Comments on M Theory Dynamics on G2 Holonomy Manifolds

TL;DR

This paper investigates M-theory dynamics on G2 holonomy manifolds, analyzing their moduli spaces, superpotentials, and effects of symmetry breaking, with implications for membrane instantons and gauge symmetry.

Contribution

It provides a detailed analysis of G2 manifolds as quotients of the spin bundle over S^3, including moduli space structure, superpotentials, and the impact of Wilson lines, highlighting new geometric and physical insights.

Findings

Smooth interpolation between three classical geometries.

Explicit superpotentials for M-theory on these quotients.
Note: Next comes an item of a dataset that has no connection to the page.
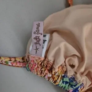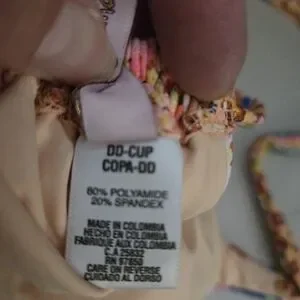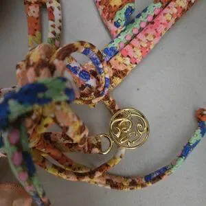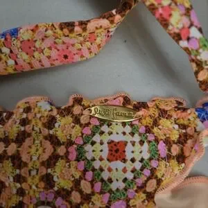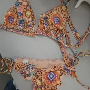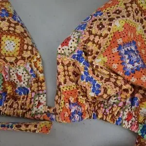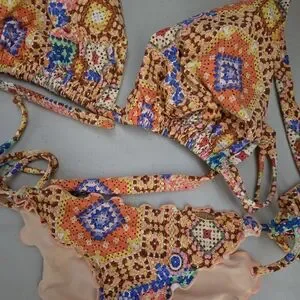 Eye-catching bikini set with mosaic patterns. Features a blend of orange, blue, and pink hues.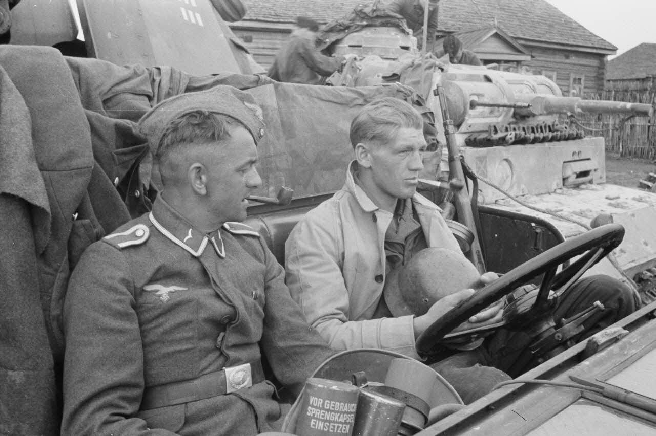 Deux sous-lieutenants devant un blindé Panzer-III de la 5.Panzer-Division, l'officier de gauche dépend du Leichte Flak Abteilung 71 (11.Panzer-Division).

Insights into membrane instanton effects and gauge symmetry breaking.

Abstract

We study the dynamics of M-theory on G2 holonomy manifolds, and consider in detail the manifolds realized as the quotient of the spin bundle over S^3 by discrete groups. We analyse, in particular, the class of quotients where the triality symmetry is broken. We study the structure of the moduli space, construct its defining equations and show that three different types of classical geometries are interpolated smoothly. We derive the N=1 superpotentials of M-theory on the quotients and comment on the membrane instanton physics. Finally, we turn on Wilson lines that break gauge symmetry and discuss some of the implications.